Scott Edward Adkins (born 17 June 1976) is a British actor, film producer and martial artist. He is best known for his role as the Russian prison fighter Yuri Boyka in the Undisputed franchise. He has played Yuri Boyka in the (2006) film Undisputed II: Last Man Standing and its two sequels, Undisputed III: Redemption (2010) and Boyka: Undisputed (2017); Casey Bowman in the (2009) film Ninja and its (2013) sequel Ninja: Shadow of a Tear; French in the (2018) film The Debt Collector and its (2020) sequel Debt Collectors (starring alongside Louis Mandylor).

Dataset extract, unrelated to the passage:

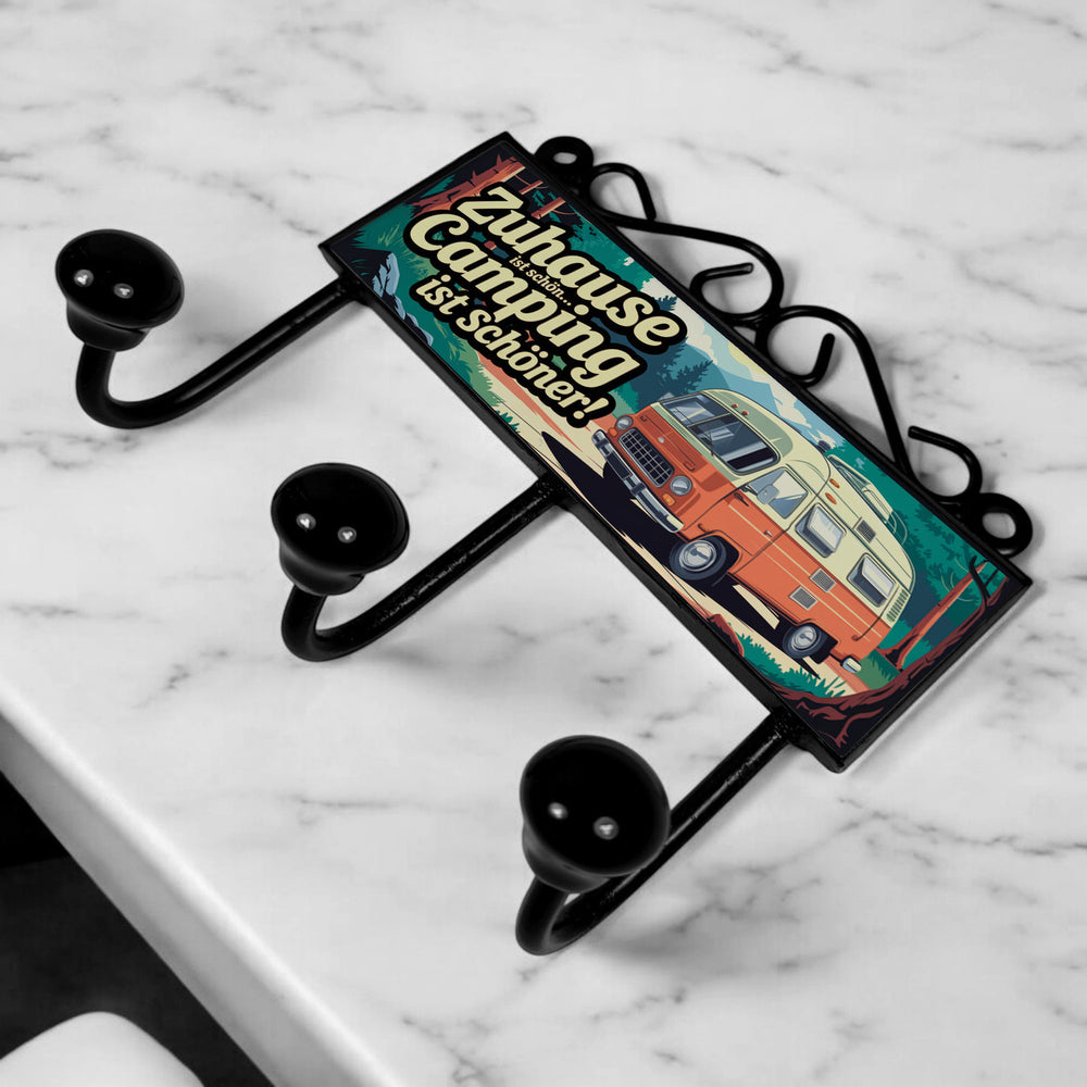 - Hol dir ein Stück Natur in dein Zuhause und zeige deine Campingliebe mit Stolz! Diese mit Liebe designte und bedruckte Kleiderhakenleiste verbindet Retro-Charme mit hochwertiger Verarbeitung. Bringe deine Wohnmobilfaszination auch in den kleinsten Raum – kümmere dich um dein Zuhause, während du das nächste Abenteuer planst!

He worked in four films with his idol Jean-Claude Van Damme: The Shepherd: Border Patrol, Assassination Games, Universal Soldier: Day of Reckoning and The Expendables 2. He also had starring roles in The Legend of Hercules, Wolf Warrior and Ip Man 4: The Finale playing the main antagonist in all three films, and also appeared in The Bourne Ultimatum, Zero Dark Thirty, and the Marvel projects Mutant X, X-Men Origins: Wolverine, and Doctor Strange. In 2022, he starred in Day Shift with Jamie Foxx and Dave Franco, and in John Wick: Chapter 4 alongside Keanu Reeves in 2023.

Early life
Scott Edward Adkins was born in Sutton Coldfield, a town within Birmingham, England on 17 June 1976 into a family of butchers. He first became interested in martial arts at the age of ten, when he visited a local Judo club with his father and older brother. After being robbed at age 13, his interest in martial arts grew even more. That same year, he began to practise Taekwondo. Since the age of 16, Scott also started to practise Kickboxing with Anthony Jones, eventually becoming a kickboxing instructor for the Professional Karate Association. He ran classes at the Fitness First at Bearwood, Smethwick once a week. He has also gained experience in  Ninjutsu, Krav Maga, Karate, Wushu, Aikido, Jujutsu, MMA, Capoeira and Gymnastics.

Career
His first break came when he was offered a role in a Hong Kong martial arts film called Dei Seung Chui Keung (2001) (aka Extreme Challenge). He was spotted by Head of the Hong Kong Stuntmen Association and director Wei Tung and British-born Hong Kong movie expert Bey Logan, and found himself in the East for the first time. He had the opportunity to work with some of Hong Kong cinema's leading action directors including Yuen Woo-ping, Corey Yuen, Sammo Hung and Jackie Chan. Acting roles soon started to come in and he was offered a guest role in the BBC's Doctors (2000) filmed at Birmingham's Pebble Mill. He appeared in a few episodes in BBC's EastEnders (2003) and City Central (1999), and a lead role in Sky One comedy drama Mile High (2003) followed by a regular role in BBC's Holby City (2006) as Bradley Hume, the assistant general manager of Holby General.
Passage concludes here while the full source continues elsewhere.